Se è vero, come è vero, che ogni crisi è sempre anche una opportunità di miglioramento, possiamo tutti insieme convenire che l’epidemia di Covid, mettendo a nudo i problemi del nostro sistema sanitario (che pure ha dimostrato di reggere a una tragedia mai vista nella storia recente) ci dà la possibilità di ripensare l’organizzazione della sanità.

È molto probabile che una buona parte dei fondi e delle risorse che tramite il programma Next Generation EU verranno impiegate nel nostro paese, vengano indirizzate verso la sanità, ma è lecito chiedersi: è solo di questo che abbiamo bisogno?

Il timore di una politica fatta solo di spesa, che vada verso un potenziamento del sistema attraverso un finanziamento straordinario, ma senza risolvere le criticità strutturali, ci fa prevedere un potenziamento senza riforma, e questo non è sufficiente. Per evitare il corto circuito, potenziamento e riforma devono andare avanti insieme.

Non è solo un problema di tenuta: è anche un problema di inadeguatezza. Basta potenziare il territorio o il territorio, alla luce delle esperienze fatte (compresa la pandemia), va radicalmente ripensato? Esiste una nuova idea di territorio? Un progetto organico? Una visione? Ascoltando gli addetti ai lavori (medici, sanitari, operatori della salute e dell’assistenza) che credono nel proprio lavoro e nella propria “missione”, mi sembra che emergano due necessità: riformare il concetto di tutela della salute e cambiare il modello di governo della sanità.

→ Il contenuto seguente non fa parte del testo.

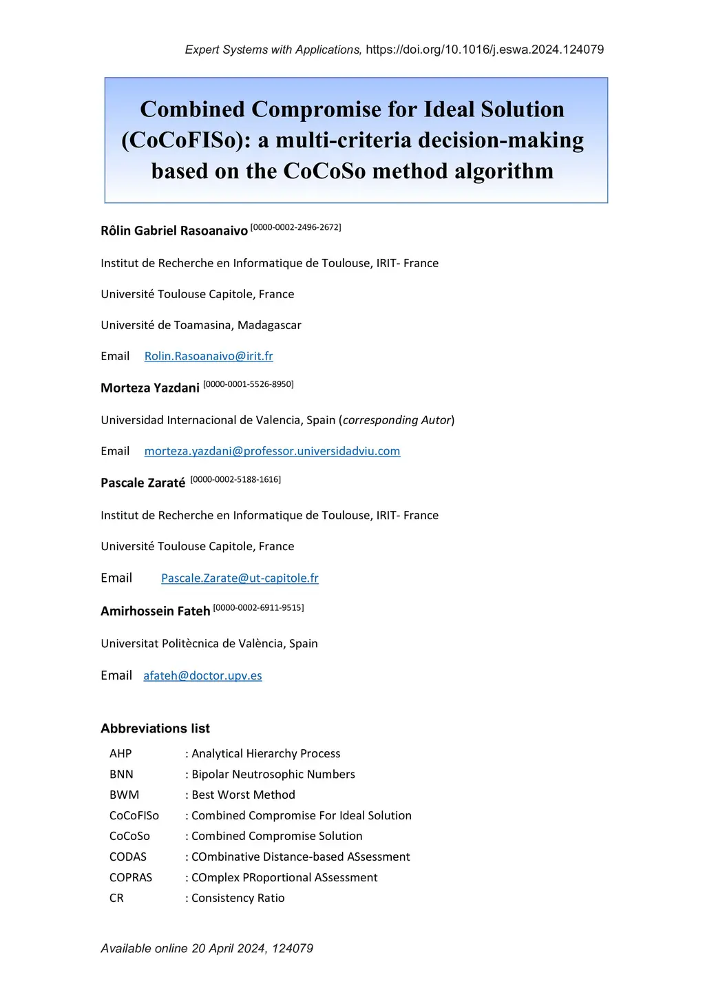 Each decision-making tool should be tested and validated in real case studies to be practical and fit to global problems. The application of multi-criteria decision-making methods (MCDM) is currently a trend to rank alternatives. In the literature, there are several multi-criteria decision-making methods according to their classification. During our experimentation on the Combined Compromise Solution (CoCoSo) method, we encountered its limits for real cases. The authors examined the applicability of the CoCoFISo method (improved version of combined compromise solution), by a real case study in a university campus and compared the obtained results to other MCDMs such as Preference Ranking Organisation Method for Enrichment Evaluations (PROMETHEE), Weighted Sum Method (WSM) and Technique for Order Preference by Similarity to the Ideal Solution (TOPSIS). Our research finding indicates that CoCoSo is an applied method that has been developed to solve complex multi variable assessment problems, while CoCoFISo can improve the shortages observed in CoCoSo and deliver stable outcomes compared to other developed tools. The findings imply that application of CoCoFISo is suggested to decision makers, experts and researchers while they are facing practical challenges and sensitive questions regarding the utilization of a reliable decision-making method. Unlike many prior studies, the current version of CoCoSo is unique, original and is presented for the first time. Its performance was approved using several strategies and examinations.

Riformare il concetto di tutela della salute è oggi indispensabile per responsabilizzare il cittadino. Nel corso di questa pandemia si è visto (in tutta la sua drammaticità) che l’idea di tutela è un concetto anacronistico che non funziona più. Non più solo delega a medici o ospedali rispetto ai bisogni individuali e collettivi di salute, bensì un nuovo patto “medico/cittadino” che fornisca chiarezza sui diritti e sui doveri di ciascuno.

Cambiare il modello di governo della sanità, inoltre, è urgente visto che è evidente che la formula “aziendale” delle ex Asl (Asst in Lombardia) pur magari producendo risultati in termini di risparmio economico, ha ridotto i medici a dei burocrati e i pazienti in utenti con tutti diritti e nessun dovere.

Semmai l’idea è quella di pensare a un sistema organizzato per comunità, inteso come un sistema il più vicino, il più prossimo al territorio e ai suoi bisogni di salute. In questo modo sarebbe possibile anche recuperare quella integrazione socio-assistenziale che molte difficoltà ha incontrato negli ultimi tempi, rispondendo all’invecchiamento della popolazione e all’aumento delle malattie croniche con modelli nei quali tutta la “filiera” della salute, dai medici di base ai poliambulatori specialistici, dalle cliniche alle farmacie, dalle RSA ai servizi domiciliari, fanno rete e si integrano per il bene dei cittadini. Il sistema sanità è a un punto di non ritorno: o si fanno delle riforme vere o salta tutto.